- Born: 28 September 1738 Sorau, Holy Roman Empire
- Died: 24 September 1818 (aged 79) Erlangen, Kingdom of Prussia
- Education: Martin Luther University of Halle-Wittenberg University of Halle
- Scientific career
- Fields: Physics
- Workplaces: University of Erlangen-Nuremberg

= Friedrich von Wendt =

German physician (1738–1818)

Friedrich von Wendt (28 September 1738 – 24 September 1818) was a German physician.

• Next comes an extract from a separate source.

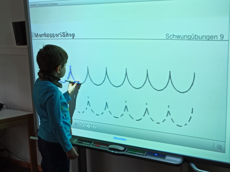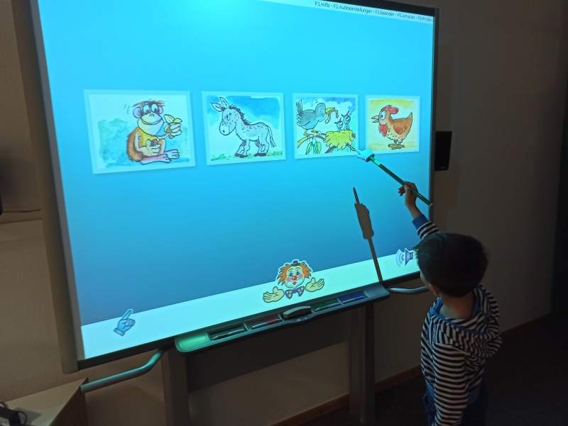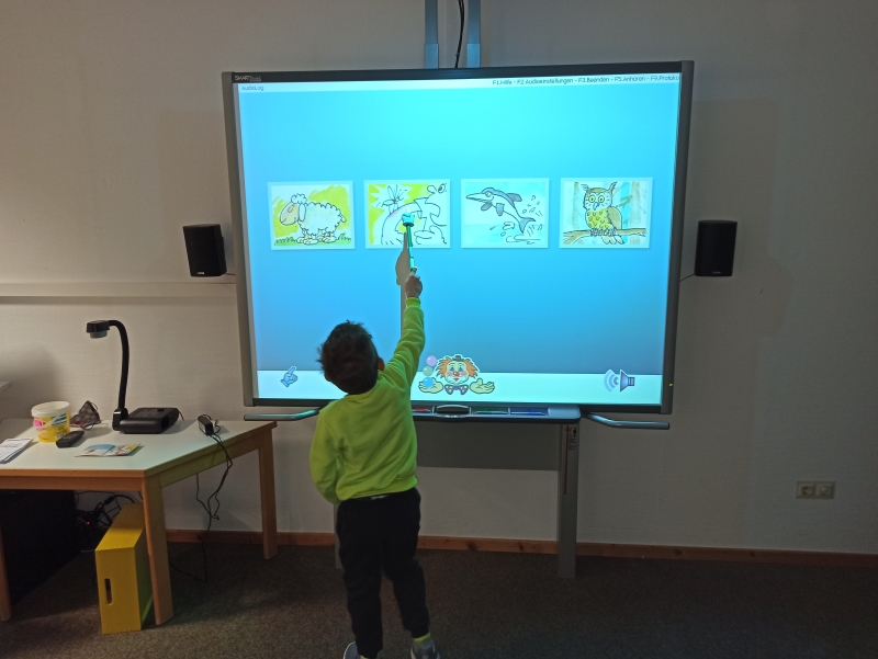 Nachdem wir im Schulkindergarten bereits seit längerem Förderung mit dem iPad anbieten, sind nun auch interaktive Tafeln im Einsatz.

Born in Sorau, von Wendt studied medicine at the Universities of Halle and Göttingen, earning his doctorate at the latter institution in 1762. Following graduation he successively worked as a physician in the town of Genthin, served as a Stadtphysicus in Pless (Upper Silesia) and was a personal physician to the Prince of Anhalt. In 1778 he was appointed professor of medicine at the University of Erlangen, where he founded a clinical institute later the same year.

In 1808–09 he published the journal Annalen des Klinischen Instituts auf der Akademie zu Erlangen. From 1811 to 1818 he was president of the Deutsche Akademie der Naturforscher Leopoldina.

Von Wendt died in Erlangen in 1818.

== Selected published works ==
- "Historia tracheotomiae nuperrime administratae", 1774.
- "De febribus remittentibus semestris hiberni ann. MDCCXCV-XCVI commentatio", 1796.
- "Formvlae Medicamentorvm in Institvto Clinico Erlangensi Vsitatorum", 1807.